MATERIAL FOR THIS TASK

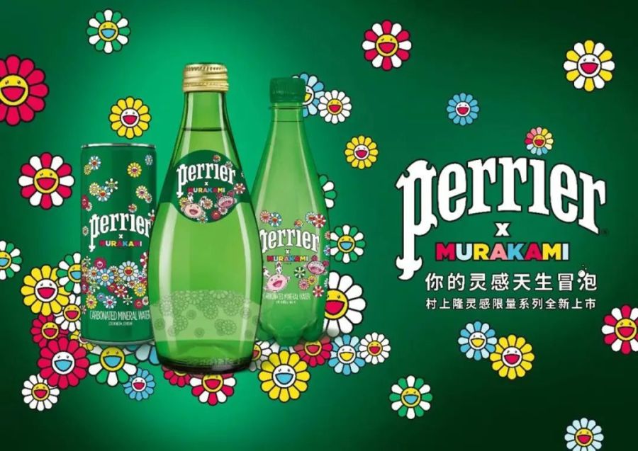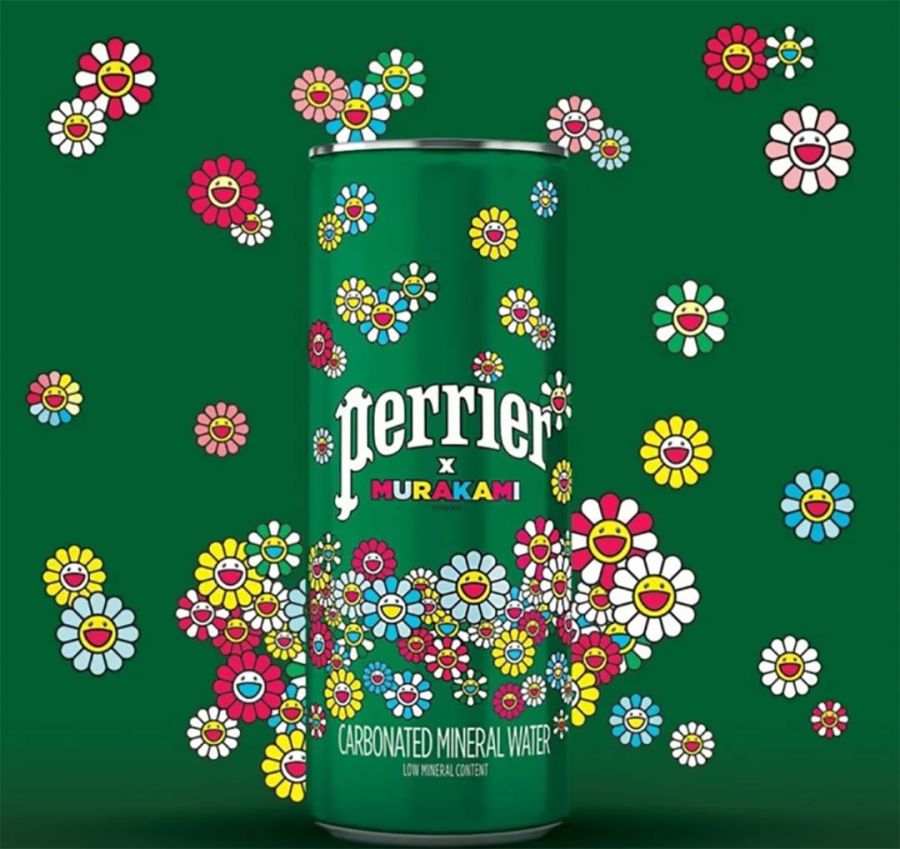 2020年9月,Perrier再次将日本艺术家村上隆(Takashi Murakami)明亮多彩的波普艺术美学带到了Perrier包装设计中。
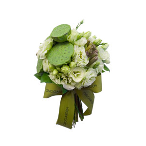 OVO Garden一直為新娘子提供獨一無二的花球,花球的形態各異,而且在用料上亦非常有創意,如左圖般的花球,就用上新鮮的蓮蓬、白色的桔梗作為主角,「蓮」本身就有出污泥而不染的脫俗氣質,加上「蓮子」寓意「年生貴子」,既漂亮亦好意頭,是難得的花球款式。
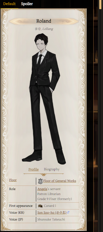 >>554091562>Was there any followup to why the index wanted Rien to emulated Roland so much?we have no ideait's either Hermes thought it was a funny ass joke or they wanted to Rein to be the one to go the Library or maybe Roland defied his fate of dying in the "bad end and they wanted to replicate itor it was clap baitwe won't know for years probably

==

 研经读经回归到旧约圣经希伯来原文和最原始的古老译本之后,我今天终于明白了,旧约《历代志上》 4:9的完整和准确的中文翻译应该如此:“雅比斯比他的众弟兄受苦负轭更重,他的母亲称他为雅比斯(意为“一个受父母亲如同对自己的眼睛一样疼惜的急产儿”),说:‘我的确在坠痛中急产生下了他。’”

* * *

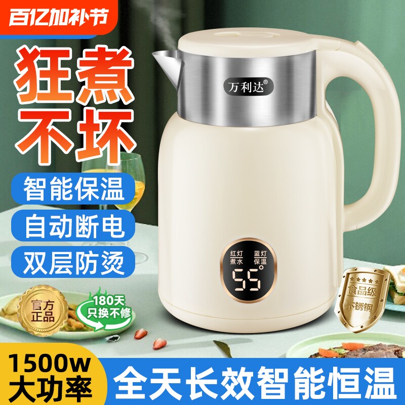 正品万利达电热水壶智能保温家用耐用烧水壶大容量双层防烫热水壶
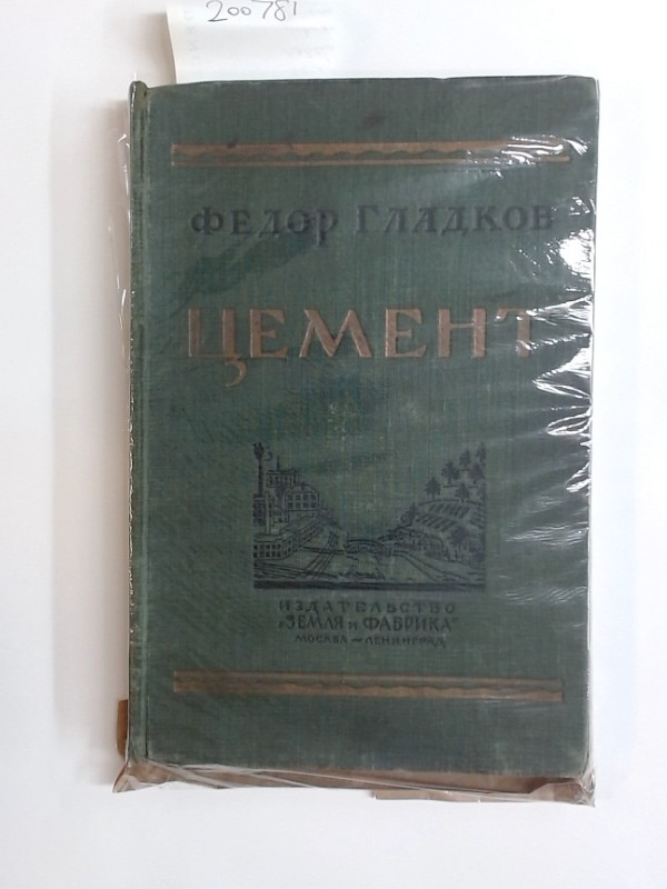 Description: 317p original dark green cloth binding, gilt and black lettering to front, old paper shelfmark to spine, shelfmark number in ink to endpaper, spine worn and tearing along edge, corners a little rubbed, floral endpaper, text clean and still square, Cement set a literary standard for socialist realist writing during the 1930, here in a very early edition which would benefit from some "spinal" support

PROBLEM DETAILS
In the listing above, find the line containing "2020年9月,Perrie" and the line containing "for years probably". Print those two lines and every line between them exactly, with no pictures.

RESPONSE BOX
 2020年9月,Perrier再次将日本艺术家村上隆(Takashi Murakami)明亮多彩的波普艺术美学带到了Perrier包装设计中。
 OVO Garden一直為新娘子提供獨一無二的花球,花球的形態各異,而且在用料上亦非常有創意,如左圖般的花球,就用上新鮮的蓮蓬、白色的桔梗作為主角,「蓮」本身就有出污泥而不染的脫俗氣質,加上「蓮子」寓意「年生貴子」,既漂亮亦好意頭,是難得的花球款式。
 >>554091562>Was there any followup to why the index wanted Rien to emulated Roland so much?we have no ideait's either Hermes thought it was a funny ass joke or they wanted to Rein to be the one to go the Library or maybe Roland defied his fate of dying in the "bad end and they wanted to replicate itor it was clap baitwe won't know for years probably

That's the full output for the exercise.